Looking at the experimental results, at 10x compression, what's lost is mainly "redundant information": details that are not important for understanding the content. For example, the exact font, line spacing, and margins—these layout details are not critical for understanding the text. Just as when you read an article, you can understand the content whether it's in a serif or sans-serif font.
But when the compression ratio is pushed to 20x, it's no longer just redundant information being lost; some key content may also start to blur. Imagine compressing a photo so much that the text becomes difficult to recognize; that's when the accuracy drops to 60%.
There's an interesting observation: different types of content have different "compressibility."

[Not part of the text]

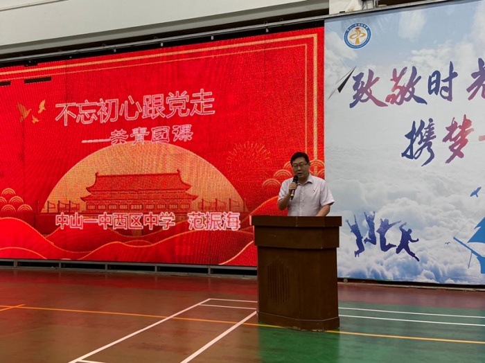 范振海校長告訴同學們,青少年是國之希望,青少年應不忘初心跟黨走;作為學生要做到三個唯有: 唯有堅定信仰,才能立下為國為民志;唯有勤奮學習,才能擔當歷史賦予的建設社會主義的重任;唯有跟黨走,才能為實現中華民族偉大復興的中國夢貢獻力量。他深情地說道:“作為新時代的青少年,需要有責任感和使命感,需要將個人奮斗融入到滾滾新時代發展大潮中,跟著黨走永向前,不斷追求卓越、續寫輝煌。”

A simple slide might only have a few large-font lines and some bullet points. The information density is low, and redundancy is high, so 64 tokens are enough. But a page of a dense newspaper has extremely high information density, and almost every word is useful. To compress it, you have to pay a higher price in precision, so it requires 800 tokens.
This is like compressing a solid blue image versus a landscape photo full of details. The former can be described in just a few words ("fill the entire frame with blue"), while for the latter, you have to record the color, texture, and light of every region.

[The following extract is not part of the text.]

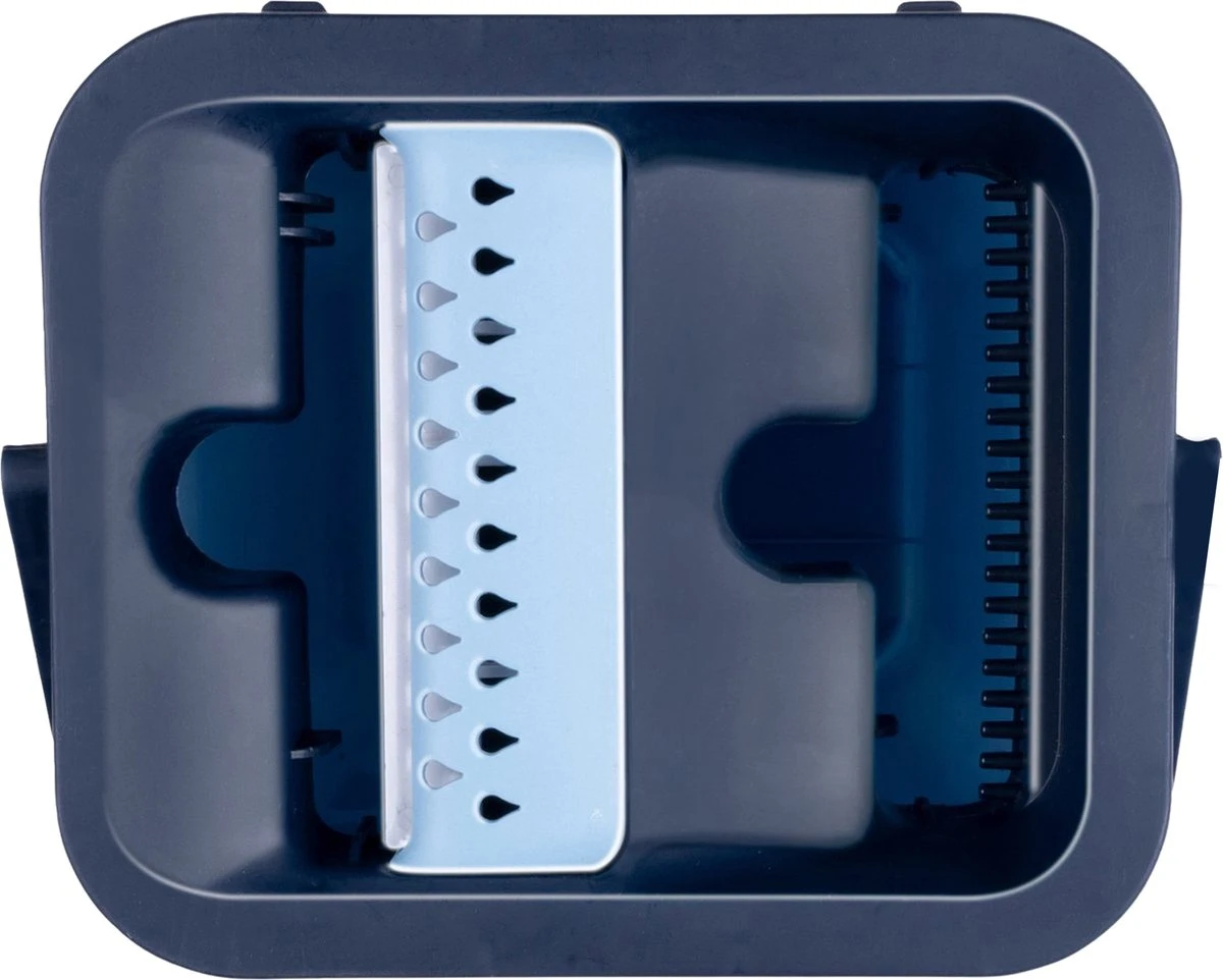 De dweilemmer in deze alpina dweilset beschikt over twee compartimenten die het schone en vieze water van elkaar gescheiden houden. Je vult simpelweg de ene kant van de emmer met schoon water, dompelt de dweil in het schone water en wringt aan de andere kant van de emmer het water gemakkelijk uit de dweil. Zo hoef je nooit meer met je handen aan een vieze dweil te zitten.

From this perspective, the 10x "sweet spot" DeepSeek-OCR found is actually an empirical balance between "retaining enough information" and "saving enough resources." It's not a theoretical limit, but a practical choice. For most documents, 10x compression can retain 97% recoverability, a number high enough for practical application.

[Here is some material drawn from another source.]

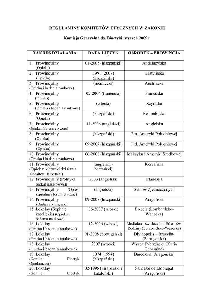 REGULAMINY KOMITETÓW ETYCZNYCH W ZAKONIE Komisja Generalna ds. Bioetyki, styczeń 2009r. ZAKRES DZIAŁANIA 1. Prowincjalny DATA I JĘZYK OŚRODEK – PROWINCJA 01-2005 (hiszpański) Andaluzyjska 1991 (2007) (hiszpański) (niemiecki) Kastylijska 02-2004 (francuski) Francuska (włoski) Rzymska (hiszpański) Kolumbijska 11-2006 (angielski) Angielska (hiszpański) Płn. Ameryki Południowej 09-2007 (hiszpański) Płd. Ameryki Południowej 06-2006 (hiszpański) Meksyku i Ameryki Środkowej (angielski koreański) Koreańska 2003 (angielski) Irlandzka (angielski) Stanów Zjednoczonych 09-2008 (hiszpański) Aragońska 06-2007 (włoski) Brescia (LombardzkoWenecka) 12-2006 (włoski) Mediolan - św. Józefa, i Erba - św. Rodziny (Lombardzko-Wenecka) 01-2008 (portugalski) Divinópolis – Brazylia(Portugalska) Wyspa Tybrzańska (Kuria Generalna) Barcelona (Aragońska) (Opieka) 2. Prowincjalny (Opieka) 3. Prowincjalny Austriacka (Opieka i badania naukowe) 4. Prowincjalny (Opieka) 5. Prowincjalny (Opieka i badania naukowe) 6. Prowincjalny (Opieka) 7. Prowincjalny Opieka: (forum etyczne) 8. Prowincjalny (Opieka) 9. Prowincjalny (Opieka) 10. Prowincjalny (Opieka i badania naukowe) 11. Prowincjalny (Opieka: kierunki działania Komitetu Bioetyki) 12. Prowincjalny (Polityka badań naukowych) 13. Prowincjalny (Opieka szpitalna i forum etyczne) 14. Prowincjalny (Badania kliniczne) 15. Lokalny (Szpitale katolickie) (Opieka i badania naukowe) 16. Lokalny (Opieka i badania naukowe) 17. Lokalny (Opieka i badania naukowe) 18. Lokalny (Opieka i badania naukowe) 19. Lokalny (Komitet Opiekuńczej) Bioetyki 1974 (1994) (hiszpański) Bioetyki 02-1995 (hiszpański i kataloński) 20. Lokalny (Komitet 2007 (włoski) Sant Boi de Llobregat (Aragońska) Opiekuńczej) 21. Lokalny (Komitet Bioetyki 05-2005 (hiszpański) Opiekuńczej) 22. Lokalny (Komitet Bioetyki (kataloński) Pampeluna - Saragossa (Aragońska) Manresa (Aragońska) Opiekuńczej) Uwaga: Aby otrzymać kopię któregokolwiek z tych dokumentów, należy zwrócić się do Sekretariatu Komisji Generalnej ds. Bioetyki, adres email [email protected], lub bezpośrednio do odpowiednich prowincji/ośrodków.

But this also means that for content with particularly high information density—like mathematical formulas, code, or legal statutes—10x might not be enough, requiring a more conservative compression ratio. For low-density content, like casual chat, it might be possible to compress it even more aggressively.
In the future, if this technology is to be used for long-term conversation memory, it might require designing a "content complexity assessor" to dynamically decide the compression ratio based on the information density of each conversation segment. Simple greetings and small talk could be compressed 20x; important technical discussions kept at 5x; and critical code snippets not compressed at all.
This dynamic compression strategy is perhaps the truly practical solution for the future. Just like human memory, we automatically assess which information is important and which is not, and then store it at different "resolutions."
Rethinking the Meaning of "Memory"
Human memory has never operated like a traditional computer, recording everything. We remember impressions, key information, and emotional connections, not verbatim transcripts. We forget details but retain what's important. We re-encode memories, storing them in more efficient ways.
DeepSeek-OCR offers a viable path: when processing long contexts, we don't have to stick to a pure-text method; a visual representation might be a more efficient choice. Converting memory into a visual representation is like humans converting experiences into mental images. This is not only more efficient but also seems closer to how biological intelligence operates.
However, whether this idea can hold up in broader scenarios still needs time to be validated. But it proves one thing: even with limited resources, it's still possible to build competitive systems through deep thinking about the problem's essence, clever architectural design, and meticulous optimization of every link. This is perhaps a microcosm of China's AI development—not winning by piling on resources, but by focusing on engineering optimization.
The next time you're chatting with an AI and it "forgets" your previous conversation, perhaps a future AI will reply: "I didn't forget. I just took a picture of our conversation and stored it deep in my memory. I can pull it out and look at it anytime you need."
At that time, the conversation between AI and humans might become far more natural and persistent.